Jakarta-Tim Advokat Front Pembela Honorer Indonesia (FPHI) Rahmatullah menuding Pemerintah pusat harus bertanggung jawab atas munculnya honorer bodong. Ini lantaran keluarnya SE MenPAN-RB No 5 Tahun 10 tentang verifikasi dan validasi honorer.
"Sebenarnya dasar pertama mengangkatan honorer itu di PP 48 Tahun 2005 dan PP 43 Tahun 2007. Dalam kedua PP itu jelas sekali kalau pengangkatan honorer hanya sampai 2009. Parahnya pemerintah kemudian mengeluarkan SE 10 Tahun 2010 yang menjadi dosa pemerintah pusat," ungkap Rahmatullah, Tim advokat FPHI, di Media Center Kementerian Pendayagunaan Aparatur Negara dan Reformasi Birokrasi (KemenPAN-RB), Jakarta, Senin (26/1).
Dikatakan, kebijakan pusat itulah yang kemudian memunculkan honorer kategori satu atau K1 dan kategori dua atau K2. Selain itu muncul juga honorer bodong yang jumlahnya sangat fantastis.

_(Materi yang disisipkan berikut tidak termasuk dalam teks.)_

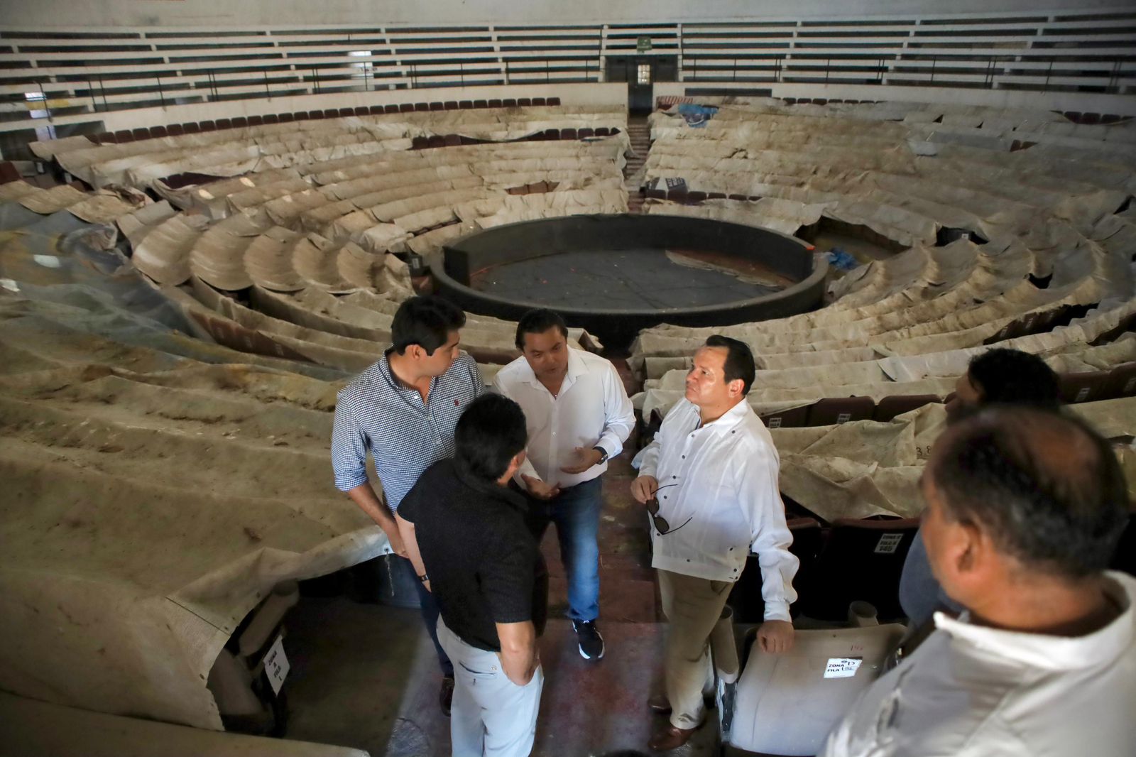 Acompañado de la Lic. Candy Eb Cauich y de Yussif Heredia Torre, directores de Eventos y de Operaciones respectivamente, se detalló que, previo acuerdo con el gobierno saliente, a la brevedad se comenzará con los trabajos de remodelación y mantenimiento para avanzar en las obras y que se concluyan a tiempo.
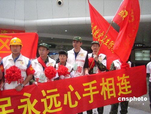 五月二十日,首批海南青年醫(yī)療衛(wèi)生抗震救災(zāi)志愿者服務(wù)隊(duì)共二十五人,從?诿捞m機(jī)場(chǎng)出發(fā),前往四川綿陽平武縣抗震救災(zāi)。該批具有專業(yè)醫(yī)療技能及抗震經(jīng)驗(yàn)的志愿者,來自海南省人民醫(yī)院、海南省及各市縣疾控中心,由海南省衛(wèi)生廳及共青團(tuán)海南省委共同招募。
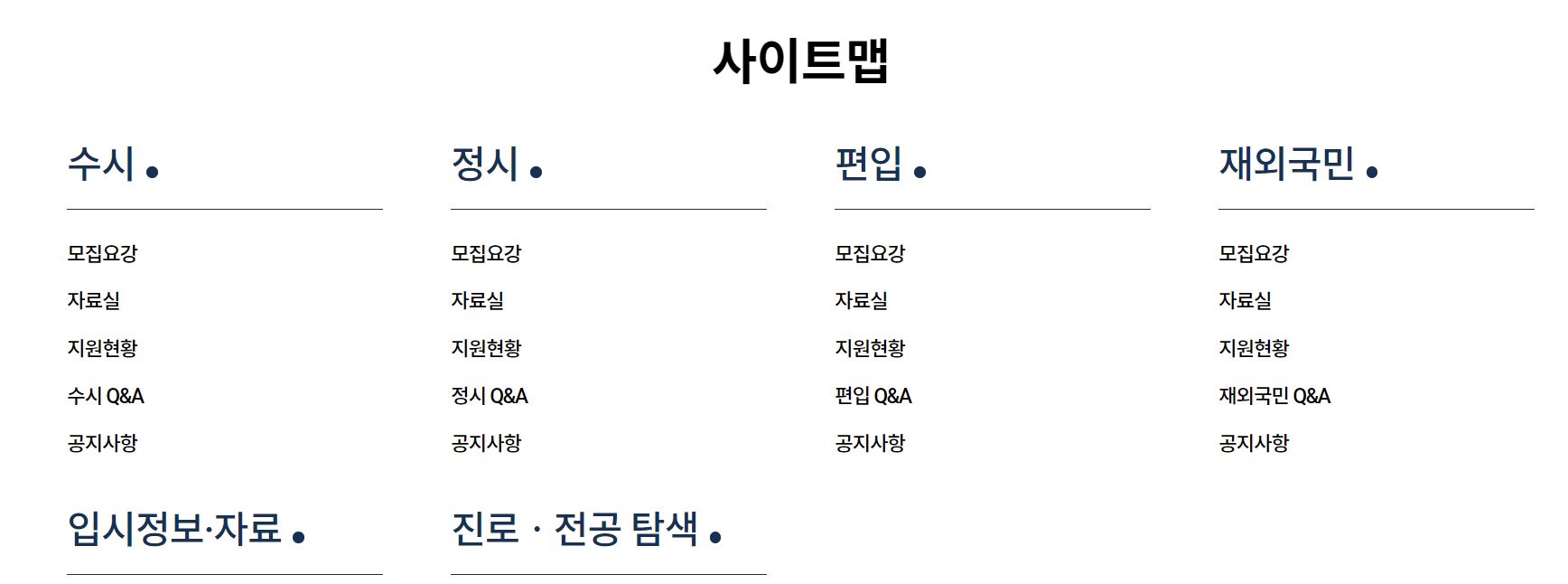 아래와 같은 정보가 있습니다. 수시 정시 편입학 모집요강 자료실 지원현황 등이 있습니다.
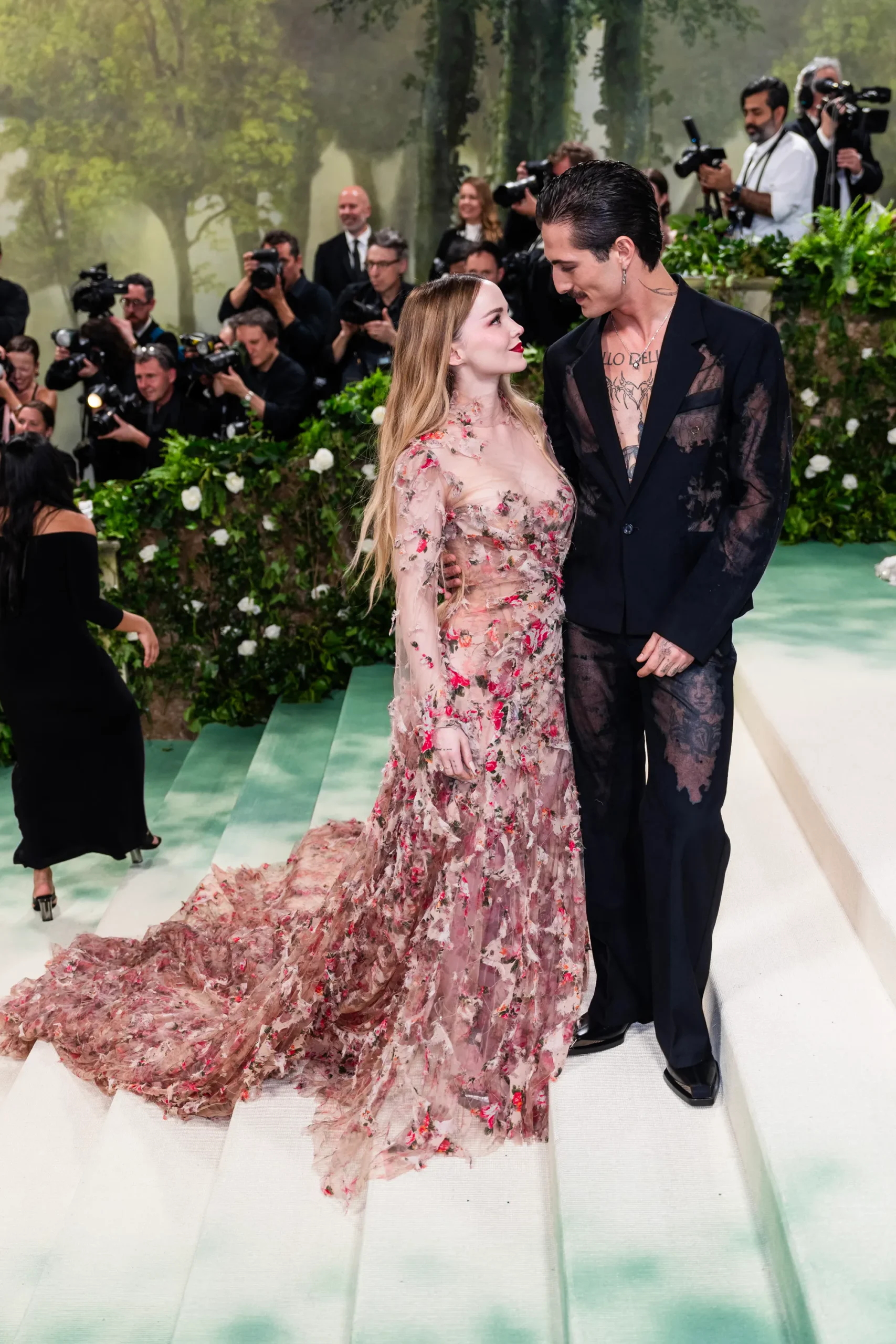 Damiano David, the charismatic lead of the Italian rock band Måneskin, and Dove Cameron, the Emmy-winning singer and actress, bring together two distinct creative worlds. They first met at the 2022 MTV Video Music Awards and reconnected backstage the following year.

"Bisa saja pemerintah mengeluarkan SE tapi harus disiapkan dulu perangkatnya. Ini pengawasannya kurang, maka daerah semaunya mengajukan nama-nama honorer gadungan," sergahnya.
Dia menambahkan, pemerintah semestinya hanya meminta data honorer saja, tidak perlu menyebutkan maksud dan tujuan untuk mengangkat honorer menjadi Calon Pegawai Negeri Sipil (CPNS). Kalau pemerintah ingin mengangkat, seharusnya diambil sistem sesuai "nomor urut kacang". Artinya, data masa kerja honorer menjadi rujukan pemerintah untuk pengangkatan mereka menjadi CPNS.